Sight-boosting ingredients: Dark leafy greens (lutein and zeaxanthin) absorb blue light, which is especially harmful to the retina, and help detect contrast better
Source: Cooking Light


  • 1 1/2 cups unsweetened almond milk
  • 1/4 cup fresh orange juice (from 1 orange)
  • 2 cups stemmed coarsely chopped beet greens (from 1 bunch)
  • 1 1/2 cups frozen mixed berries
  • 1 medium raw red beet, peeled and cut into wedges (about 7 oz.)
  • 1 medium frozen banana, broken into large pieces


Step 1: Place almond milk and juice in a blender; top with beet greens, berries, beet, and banana. Start blender at lowest setting and gradually increase to one-third power; process for 30 seconds.

Step 2: Increase to half power; process 30 seconds or until very smooth.

Step 3: Let mixture stand 1 minute before serving.

Farro Breakfast BOWL

Sight-boosting ingredients: Eggs and avacados (lutein and vitamin A) help protect against night blindness,dry eyes & Age-Related Macular Degeneration..
Photo: Alison Miksch
Source: Cooking Light


  • 1/2 cup uncooked farro
  • 2 large eggs (refrigerator-cold)
  • 2 teaspoons olive oil
  • 1/2 teaspoon ground cumin
  • 1/2 teaspoon kosher salt, divided
  • 1 medium ripe avocado, halved and pitted
  • 1/4 teaspoon cracked black pepper
  • 3 tablespoons whole-milk plain Greek yogurt
  • 2 lemon wedges


Step 1: Bring a large saucepan filled water to a boil. Add farro; reduce heat to medium & simmer 20 minutes or until slightly chewy. Drain.

Step 2: Bring a small saucepan of water to a boil. Add cold eggs; reduce heat to medium-low & simmer 6 minutes. Place eggs in a bowl of ice water; let stand 6 minutes or until completely cool. Drain & peel.

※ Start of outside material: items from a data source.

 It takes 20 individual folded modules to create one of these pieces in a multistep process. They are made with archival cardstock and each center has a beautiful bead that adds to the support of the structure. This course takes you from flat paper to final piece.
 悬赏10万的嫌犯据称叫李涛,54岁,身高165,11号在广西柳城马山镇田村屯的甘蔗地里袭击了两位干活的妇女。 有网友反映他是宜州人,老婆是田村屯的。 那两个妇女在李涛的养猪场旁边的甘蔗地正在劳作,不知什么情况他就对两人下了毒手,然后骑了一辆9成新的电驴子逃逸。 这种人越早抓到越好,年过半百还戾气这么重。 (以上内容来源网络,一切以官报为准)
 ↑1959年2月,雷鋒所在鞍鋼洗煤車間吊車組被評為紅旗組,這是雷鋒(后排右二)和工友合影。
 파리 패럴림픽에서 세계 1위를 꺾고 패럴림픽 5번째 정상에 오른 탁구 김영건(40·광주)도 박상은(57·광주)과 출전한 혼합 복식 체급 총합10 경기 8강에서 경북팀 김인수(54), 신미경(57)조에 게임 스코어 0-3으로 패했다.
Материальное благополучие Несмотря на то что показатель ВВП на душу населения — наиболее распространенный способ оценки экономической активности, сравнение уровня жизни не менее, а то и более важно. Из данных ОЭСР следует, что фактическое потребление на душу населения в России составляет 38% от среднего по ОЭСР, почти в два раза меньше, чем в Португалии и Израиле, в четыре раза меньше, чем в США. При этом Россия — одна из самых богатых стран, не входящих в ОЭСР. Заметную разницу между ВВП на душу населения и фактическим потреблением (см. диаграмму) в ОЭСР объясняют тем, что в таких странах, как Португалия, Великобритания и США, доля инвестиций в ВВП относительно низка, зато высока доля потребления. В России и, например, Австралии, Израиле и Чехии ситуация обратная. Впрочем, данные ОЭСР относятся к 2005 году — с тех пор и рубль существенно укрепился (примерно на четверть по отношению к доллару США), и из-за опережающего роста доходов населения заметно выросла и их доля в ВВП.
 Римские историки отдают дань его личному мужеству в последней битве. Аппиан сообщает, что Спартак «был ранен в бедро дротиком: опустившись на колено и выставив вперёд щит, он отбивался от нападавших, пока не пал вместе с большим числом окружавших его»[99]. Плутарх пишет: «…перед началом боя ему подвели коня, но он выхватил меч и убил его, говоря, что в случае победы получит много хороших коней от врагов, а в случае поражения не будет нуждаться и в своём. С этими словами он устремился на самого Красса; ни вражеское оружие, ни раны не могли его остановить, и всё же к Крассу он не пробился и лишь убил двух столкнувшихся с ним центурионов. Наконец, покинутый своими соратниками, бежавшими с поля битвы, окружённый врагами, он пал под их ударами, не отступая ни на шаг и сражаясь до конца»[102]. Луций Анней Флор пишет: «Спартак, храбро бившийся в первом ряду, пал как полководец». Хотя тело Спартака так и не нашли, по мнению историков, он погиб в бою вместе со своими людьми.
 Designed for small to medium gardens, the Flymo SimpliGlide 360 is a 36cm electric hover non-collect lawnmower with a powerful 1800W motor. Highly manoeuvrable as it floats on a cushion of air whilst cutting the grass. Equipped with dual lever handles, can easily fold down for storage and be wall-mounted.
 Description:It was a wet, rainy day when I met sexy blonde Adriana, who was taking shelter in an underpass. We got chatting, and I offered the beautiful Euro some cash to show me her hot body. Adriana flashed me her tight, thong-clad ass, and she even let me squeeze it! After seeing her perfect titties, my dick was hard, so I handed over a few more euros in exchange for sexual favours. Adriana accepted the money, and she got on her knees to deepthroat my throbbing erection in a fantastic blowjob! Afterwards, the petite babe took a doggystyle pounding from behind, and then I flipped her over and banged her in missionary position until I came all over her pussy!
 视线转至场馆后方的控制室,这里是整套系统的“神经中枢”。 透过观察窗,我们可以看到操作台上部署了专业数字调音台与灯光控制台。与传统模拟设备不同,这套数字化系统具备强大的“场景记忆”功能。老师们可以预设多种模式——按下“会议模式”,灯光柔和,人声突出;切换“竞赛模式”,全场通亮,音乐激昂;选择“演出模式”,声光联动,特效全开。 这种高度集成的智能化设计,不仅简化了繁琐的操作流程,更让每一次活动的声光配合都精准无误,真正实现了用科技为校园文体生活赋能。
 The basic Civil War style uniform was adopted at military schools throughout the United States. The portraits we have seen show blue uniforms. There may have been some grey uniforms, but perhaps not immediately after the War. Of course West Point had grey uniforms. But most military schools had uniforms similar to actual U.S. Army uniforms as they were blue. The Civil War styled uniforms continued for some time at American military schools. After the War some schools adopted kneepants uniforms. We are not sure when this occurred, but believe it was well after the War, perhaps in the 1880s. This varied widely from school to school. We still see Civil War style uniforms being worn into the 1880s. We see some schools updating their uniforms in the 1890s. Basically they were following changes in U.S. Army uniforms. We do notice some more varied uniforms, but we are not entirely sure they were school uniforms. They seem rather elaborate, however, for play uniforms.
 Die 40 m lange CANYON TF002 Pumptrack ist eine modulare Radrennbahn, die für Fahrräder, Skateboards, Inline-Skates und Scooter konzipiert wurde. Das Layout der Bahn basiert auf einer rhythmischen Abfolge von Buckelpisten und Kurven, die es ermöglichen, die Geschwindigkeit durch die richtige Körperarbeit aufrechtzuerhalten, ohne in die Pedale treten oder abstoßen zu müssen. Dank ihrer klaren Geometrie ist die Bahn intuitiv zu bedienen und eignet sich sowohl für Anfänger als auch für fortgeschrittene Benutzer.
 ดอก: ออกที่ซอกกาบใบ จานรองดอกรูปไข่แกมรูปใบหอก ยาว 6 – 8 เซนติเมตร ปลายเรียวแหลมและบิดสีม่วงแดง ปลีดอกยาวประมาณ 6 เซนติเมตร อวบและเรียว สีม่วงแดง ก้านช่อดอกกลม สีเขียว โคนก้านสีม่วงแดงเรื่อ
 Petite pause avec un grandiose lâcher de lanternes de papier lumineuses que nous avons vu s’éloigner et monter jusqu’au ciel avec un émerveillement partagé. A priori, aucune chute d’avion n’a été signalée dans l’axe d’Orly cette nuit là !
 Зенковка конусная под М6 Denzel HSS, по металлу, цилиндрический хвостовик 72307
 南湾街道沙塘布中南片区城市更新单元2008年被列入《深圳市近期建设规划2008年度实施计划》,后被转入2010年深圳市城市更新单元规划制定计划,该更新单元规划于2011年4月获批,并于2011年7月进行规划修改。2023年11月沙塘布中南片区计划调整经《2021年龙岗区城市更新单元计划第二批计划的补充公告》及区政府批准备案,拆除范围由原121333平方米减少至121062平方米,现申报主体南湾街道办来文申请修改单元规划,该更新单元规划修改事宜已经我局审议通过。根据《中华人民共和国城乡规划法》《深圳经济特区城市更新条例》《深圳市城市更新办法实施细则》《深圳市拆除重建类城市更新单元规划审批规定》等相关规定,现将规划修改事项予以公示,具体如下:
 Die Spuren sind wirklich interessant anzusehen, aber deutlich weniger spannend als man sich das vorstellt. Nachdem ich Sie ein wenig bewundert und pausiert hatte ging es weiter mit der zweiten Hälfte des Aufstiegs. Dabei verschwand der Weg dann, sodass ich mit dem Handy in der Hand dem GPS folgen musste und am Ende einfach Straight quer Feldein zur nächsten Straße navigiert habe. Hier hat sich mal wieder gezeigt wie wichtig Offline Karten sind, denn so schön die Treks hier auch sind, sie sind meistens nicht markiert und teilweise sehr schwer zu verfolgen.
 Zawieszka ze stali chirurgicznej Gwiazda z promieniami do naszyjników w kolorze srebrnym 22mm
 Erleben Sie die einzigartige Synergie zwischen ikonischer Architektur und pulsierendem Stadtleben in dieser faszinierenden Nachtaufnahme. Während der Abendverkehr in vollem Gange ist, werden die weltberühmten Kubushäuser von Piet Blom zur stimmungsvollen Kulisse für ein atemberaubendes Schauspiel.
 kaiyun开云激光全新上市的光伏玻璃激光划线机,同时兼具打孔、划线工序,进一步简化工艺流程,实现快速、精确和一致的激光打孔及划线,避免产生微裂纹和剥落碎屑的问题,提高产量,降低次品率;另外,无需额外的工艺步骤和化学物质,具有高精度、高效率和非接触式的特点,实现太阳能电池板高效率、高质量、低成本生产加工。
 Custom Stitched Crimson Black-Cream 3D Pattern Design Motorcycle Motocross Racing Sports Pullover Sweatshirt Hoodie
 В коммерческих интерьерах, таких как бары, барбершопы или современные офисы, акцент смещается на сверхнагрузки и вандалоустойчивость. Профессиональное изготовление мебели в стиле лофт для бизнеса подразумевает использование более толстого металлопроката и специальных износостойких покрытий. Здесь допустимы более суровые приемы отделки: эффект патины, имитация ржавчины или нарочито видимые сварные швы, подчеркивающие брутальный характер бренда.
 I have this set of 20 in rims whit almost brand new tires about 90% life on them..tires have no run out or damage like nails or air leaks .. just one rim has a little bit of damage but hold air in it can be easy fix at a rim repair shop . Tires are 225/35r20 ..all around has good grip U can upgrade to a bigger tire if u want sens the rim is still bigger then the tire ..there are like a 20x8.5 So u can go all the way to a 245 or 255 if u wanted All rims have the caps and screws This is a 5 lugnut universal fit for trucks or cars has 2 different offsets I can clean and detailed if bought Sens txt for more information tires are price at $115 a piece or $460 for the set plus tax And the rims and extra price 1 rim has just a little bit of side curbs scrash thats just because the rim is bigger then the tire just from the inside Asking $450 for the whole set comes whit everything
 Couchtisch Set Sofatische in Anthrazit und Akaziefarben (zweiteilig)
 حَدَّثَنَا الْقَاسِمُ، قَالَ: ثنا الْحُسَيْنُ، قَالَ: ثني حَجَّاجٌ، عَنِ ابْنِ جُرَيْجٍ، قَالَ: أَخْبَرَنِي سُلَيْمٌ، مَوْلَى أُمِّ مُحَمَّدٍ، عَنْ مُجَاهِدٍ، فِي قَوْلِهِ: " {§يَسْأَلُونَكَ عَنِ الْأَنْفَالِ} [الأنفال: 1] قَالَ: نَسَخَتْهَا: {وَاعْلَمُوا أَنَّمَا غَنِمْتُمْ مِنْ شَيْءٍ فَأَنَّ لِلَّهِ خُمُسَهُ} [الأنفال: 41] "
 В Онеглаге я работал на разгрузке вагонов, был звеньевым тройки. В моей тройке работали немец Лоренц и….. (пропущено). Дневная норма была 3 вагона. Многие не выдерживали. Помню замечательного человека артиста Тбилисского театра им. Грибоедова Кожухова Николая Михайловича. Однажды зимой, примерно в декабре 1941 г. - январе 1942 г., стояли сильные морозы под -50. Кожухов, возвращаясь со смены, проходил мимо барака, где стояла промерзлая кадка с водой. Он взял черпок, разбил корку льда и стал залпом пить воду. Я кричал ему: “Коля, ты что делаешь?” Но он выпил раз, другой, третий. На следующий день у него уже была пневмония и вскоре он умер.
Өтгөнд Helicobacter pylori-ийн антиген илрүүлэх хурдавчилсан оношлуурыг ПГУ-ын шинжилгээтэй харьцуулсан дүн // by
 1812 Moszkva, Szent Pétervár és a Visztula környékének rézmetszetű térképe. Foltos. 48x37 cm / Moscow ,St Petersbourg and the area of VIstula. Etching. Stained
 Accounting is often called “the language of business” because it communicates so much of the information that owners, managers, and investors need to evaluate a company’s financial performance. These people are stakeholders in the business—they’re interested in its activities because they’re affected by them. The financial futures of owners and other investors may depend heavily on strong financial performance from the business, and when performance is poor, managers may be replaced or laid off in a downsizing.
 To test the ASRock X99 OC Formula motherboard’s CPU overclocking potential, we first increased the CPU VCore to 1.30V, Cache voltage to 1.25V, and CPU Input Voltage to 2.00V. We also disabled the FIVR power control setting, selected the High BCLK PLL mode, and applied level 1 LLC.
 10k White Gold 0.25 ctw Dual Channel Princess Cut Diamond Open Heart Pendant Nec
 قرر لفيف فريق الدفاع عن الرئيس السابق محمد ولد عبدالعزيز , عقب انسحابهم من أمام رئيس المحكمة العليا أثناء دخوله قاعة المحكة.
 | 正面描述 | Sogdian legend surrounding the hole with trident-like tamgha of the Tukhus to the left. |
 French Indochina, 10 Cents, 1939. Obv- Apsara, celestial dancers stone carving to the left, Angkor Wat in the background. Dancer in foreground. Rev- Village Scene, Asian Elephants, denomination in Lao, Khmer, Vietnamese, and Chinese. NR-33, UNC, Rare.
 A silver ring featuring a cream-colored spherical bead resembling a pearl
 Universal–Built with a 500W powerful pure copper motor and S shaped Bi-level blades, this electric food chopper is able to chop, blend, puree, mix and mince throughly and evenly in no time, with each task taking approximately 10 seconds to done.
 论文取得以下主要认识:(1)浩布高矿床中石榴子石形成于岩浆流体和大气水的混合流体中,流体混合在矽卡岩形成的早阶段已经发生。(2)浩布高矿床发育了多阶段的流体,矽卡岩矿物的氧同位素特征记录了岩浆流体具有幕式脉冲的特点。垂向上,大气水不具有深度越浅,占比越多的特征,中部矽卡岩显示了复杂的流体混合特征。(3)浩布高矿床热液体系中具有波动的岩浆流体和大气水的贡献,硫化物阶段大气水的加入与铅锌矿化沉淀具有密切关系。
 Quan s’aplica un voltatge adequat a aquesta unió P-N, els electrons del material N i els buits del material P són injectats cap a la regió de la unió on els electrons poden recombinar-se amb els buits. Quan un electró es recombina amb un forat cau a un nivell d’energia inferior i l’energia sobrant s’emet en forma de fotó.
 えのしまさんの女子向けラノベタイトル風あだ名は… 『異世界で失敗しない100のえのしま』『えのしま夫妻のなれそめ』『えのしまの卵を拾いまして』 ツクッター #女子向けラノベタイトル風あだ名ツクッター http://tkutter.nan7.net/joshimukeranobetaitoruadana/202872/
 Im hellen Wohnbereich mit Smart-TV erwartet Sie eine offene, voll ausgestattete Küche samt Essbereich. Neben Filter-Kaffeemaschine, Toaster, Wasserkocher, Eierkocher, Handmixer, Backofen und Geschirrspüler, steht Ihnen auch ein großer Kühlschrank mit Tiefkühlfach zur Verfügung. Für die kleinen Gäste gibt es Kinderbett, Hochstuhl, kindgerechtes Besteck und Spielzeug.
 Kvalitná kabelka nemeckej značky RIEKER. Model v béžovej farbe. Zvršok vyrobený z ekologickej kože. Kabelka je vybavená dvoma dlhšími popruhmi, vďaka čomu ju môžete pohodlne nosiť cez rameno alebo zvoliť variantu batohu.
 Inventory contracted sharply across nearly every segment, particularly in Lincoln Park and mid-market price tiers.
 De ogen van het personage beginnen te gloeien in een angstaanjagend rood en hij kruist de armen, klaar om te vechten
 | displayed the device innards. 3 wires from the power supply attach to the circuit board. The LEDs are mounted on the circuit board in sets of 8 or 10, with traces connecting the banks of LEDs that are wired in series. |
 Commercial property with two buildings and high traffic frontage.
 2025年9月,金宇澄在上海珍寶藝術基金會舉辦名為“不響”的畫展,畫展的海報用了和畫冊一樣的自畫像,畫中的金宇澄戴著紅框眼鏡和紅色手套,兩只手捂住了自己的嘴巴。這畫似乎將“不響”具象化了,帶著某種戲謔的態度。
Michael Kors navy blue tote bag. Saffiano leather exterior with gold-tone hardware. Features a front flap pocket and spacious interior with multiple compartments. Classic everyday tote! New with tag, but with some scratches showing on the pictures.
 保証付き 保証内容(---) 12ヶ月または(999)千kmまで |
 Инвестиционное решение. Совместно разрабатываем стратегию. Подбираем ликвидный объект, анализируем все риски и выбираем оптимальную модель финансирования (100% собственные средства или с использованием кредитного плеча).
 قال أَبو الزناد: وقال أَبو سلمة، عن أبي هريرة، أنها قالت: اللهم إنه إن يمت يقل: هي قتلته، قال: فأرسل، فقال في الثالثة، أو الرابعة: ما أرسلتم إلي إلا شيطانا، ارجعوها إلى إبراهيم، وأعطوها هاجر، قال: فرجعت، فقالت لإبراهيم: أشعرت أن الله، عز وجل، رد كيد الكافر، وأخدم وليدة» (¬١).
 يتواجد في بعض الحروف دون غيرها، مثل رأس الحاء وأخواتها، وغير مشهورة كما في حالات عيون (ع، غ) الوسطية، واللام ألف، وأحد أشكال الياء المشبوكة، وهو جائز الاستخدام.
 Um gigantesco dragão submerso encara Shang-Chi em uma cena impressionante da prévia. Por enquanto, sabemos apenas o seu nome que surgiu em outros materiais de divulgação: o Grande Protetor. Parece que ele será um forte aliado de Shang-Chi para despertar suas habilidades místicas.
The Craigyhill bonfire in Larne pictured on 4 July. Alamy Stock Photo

Step 3: Heat oil in a small skillet over medium. Add cumin; cook 30 seconds, stirring constantly. Add farro & 1/4 teaspoon salt; cook 2 minutes or until lightly toasted. Place 2/3 cup farro mixture in each bowl. Halve one egg over each bowl. Add one avocado half to each bowl. Sprinkle remaining 1/4 teaspoon salt & pepper evenly over top. Top with 1 1/2 tablespoons yogurt. Squeeze 1 lemon wedge over each bowl.

Greek tomato salad

Sight-boosting ingredients: Tomatoes (lycopene & Vitamin C) are great vision protectors.
Photo: Hector Manuel Sanchez
Source: Cooking Light


  • 2 cups halved multicolored cherry tomatoes
  • 1/8 teaspoon kosher salt
  • 1 cup chopped English cucumber
  • 1/2 thinly sliced red onion
  • 1/4 cup chopped kalamata olives
  • 2 tablespoons fresh oregano leaves
  • 2 tablespoons olive oil
  • 1 1/2 tablespoons red wine vinegar
  • 1/8 teaspoon crushed red pepper


Combine tomatoes and salt in a large bowl. Let stand 5 minutes. Add cucumber, onion, olives, oregano leaves, olive oil, vinegar, and crushed red pepper; toss.